Pasó de nuevo entre sus hombres y llegó hasta su caballo. El criado le ofreció ayuda para montar, pero la rechazó. Tomó aire Córdoba y espoleó al animal hasta colocarse en un lugar con algo más de visibilidad, donde los árboles no le estorbaran. Pasaban los franceses por el camino en estrecha columna, de cinco en cinco, aquello facilitaba mucho el trabajo de los tiradores, pensó para sí. Una fila, otra, otra más… Le costaba ver con claridad. Calma… Cuando apenas faltaban por pasar las últimas cuatro filas alzó su espada y dio un tajo al viento apuntando a los franceses.

-¡A ellos!

«¡Pum! ¡Pum! ¡Pum! ¡Zap! ¡Zap! ¡Pum!». Una espesa nube de pólvora se levantó entre los árboles donde estaban apostados los tiradores. La columna francesa se detuvo al instante, en el camino los gritos de dolor y confusión se fundieron en una amarga agonía al observar que había varias decenas de hombres caídos, esputando sangre algunos e inmóviles otros. El poco concierto que guardaban lo habían perdido. Aprovechando lo confuso de la situación los ballesteros y los arcabuceros españoles recargaron a toda prisa, sin tiempo que perder, apuntaron rápidamente y soltaron otra tremebunda descarga «¡Pum! ¡Pum! ¡Zap! ¡Pum! ¡Zap! ¡Zap! ¡Pum!» Los franceses, que trataban de reorganizarse muy precariamente volvieron a quedar paralizados, acongojados ante la situación. Sabían de donde venían los disparos, pero, ¿cuántos eran? El humo de la pólvora engañaba bien.

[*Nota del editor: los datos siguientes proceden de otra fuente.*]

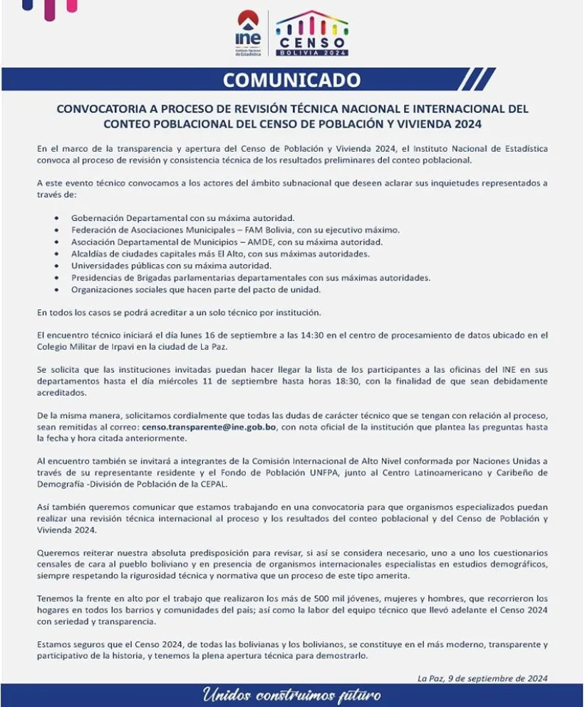 Este lunes, el director del INE, Humberto Arandia, convocó a gobernadores, alcaldes de ciudades capitales más El Alto, Pacto de Unidad, universidades, brigadas parlamentarias, Federación de Asociaciones Municipales (FAM-Bolivia) y Asociación Departamental de Municipios (AMDE) a una reunión técnica el próximo 16 de septiembre en la ciudad de La Paz.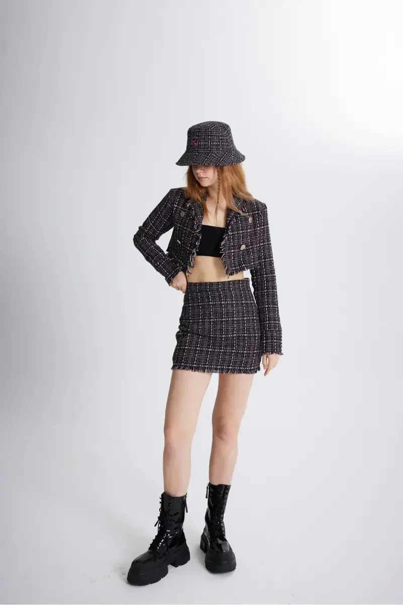 Твидовая текстура ткани. Укороченный крой. Элегантный дизайн. Черный цвет.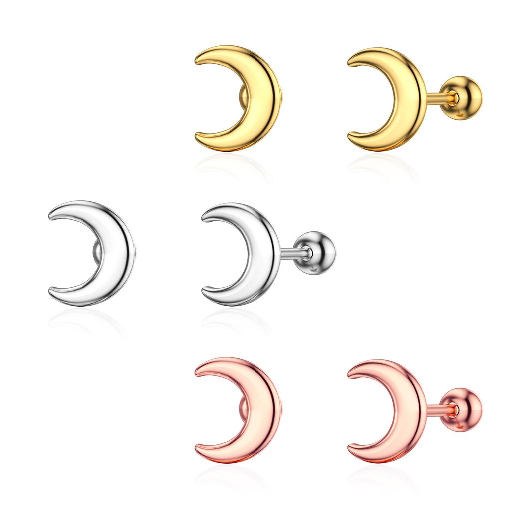 925 Sterling Silver Simple Earrings Screws Twist Ear Nails 0.8mm Earrings Female Anti -blocking Moon Earrings Real Rose Gold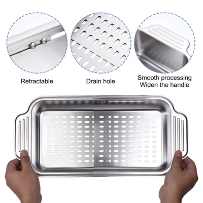 This strainer is made of 304 stainless steel, which is a friendly and odorless material with good heat resistance. You can safely strain hot and cold foods with it. It has multiple uses such as draining foods, rinsing fruits and vegetables, and drying dishes. The double-handle hole design makes it convenient and labor-saving to use, and you can easily put it over the sink or hang it on the kitchen wall. Its extendable design can be adjusted to fit your different needs and different kitchen sinks.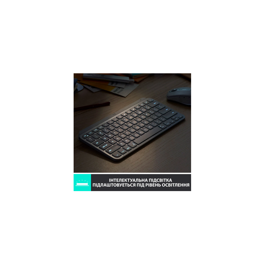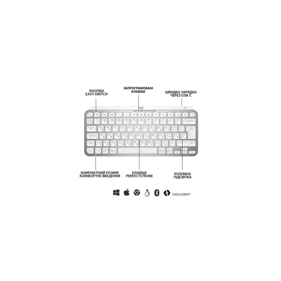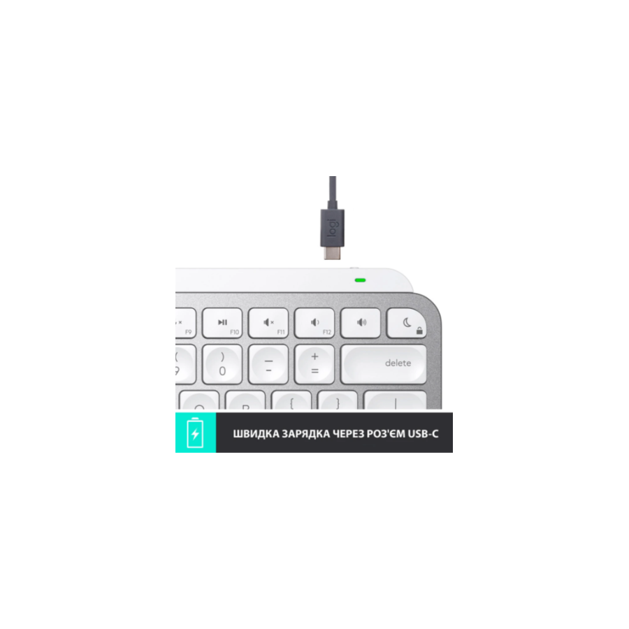MX Keys Mini працює до 10 днів після повної зарядки або до 5 місяців із вимкненим підсвічуванням. Використовуйте зарядний кабель USB-C, щоб поповнити заряд.

-¡Tous retournent à vos positions!

Un jinete de unos cincuenta años cabalgaba entre sus hombres tratando de poner orden. Por las pintas que llevaba (caballo de primera y armadura milanesa con florituras) daba la impresión de que era el noble de turno al mando, pero, ¿quién era? Córdoba lo desconocía, aunque le resultaba familiar, pero en plena noche era difícil vislumbrar su rostro y aún más el blasón de su familia. Tampoco era lo primordial en medio de una refriega, ahora le tocaba a la infantería cumplir su cometido.

-¡Cargad a por ellos!

Por entonces la caballería al mando de Pedro Navarro ya hacía varios minutos que había montado. Ahora marchaba al trote corto en busca de la columna francesa. Rezad porque hayan hecho un buen destrozo les había dicho Pedro Navarro a los suyos. Se estaban aproximando. Los franceses se habían centrado en contener la acometida que salía del bosque dejando al descubierto su flanco izquierdo. Pedro Navarro pudo verlo con claridad.

-Señores, esta es la nuestra ¡Ahora o nunca!

Hincó suavemente las espuelas en su caballo y alargó el trote. Los demás jinetes se fueron abriendo conjugando la formación e inclinaron levemente sus lanzas.

-¡Santiago y a ellos! -gritó con furia Pedro Navarro mientras espoleaba violentamente su montura-.

Sus hombres contestaron a la vez con la misma consigna y se lanzaron al fuego de la batalla cegados por la adrenalina.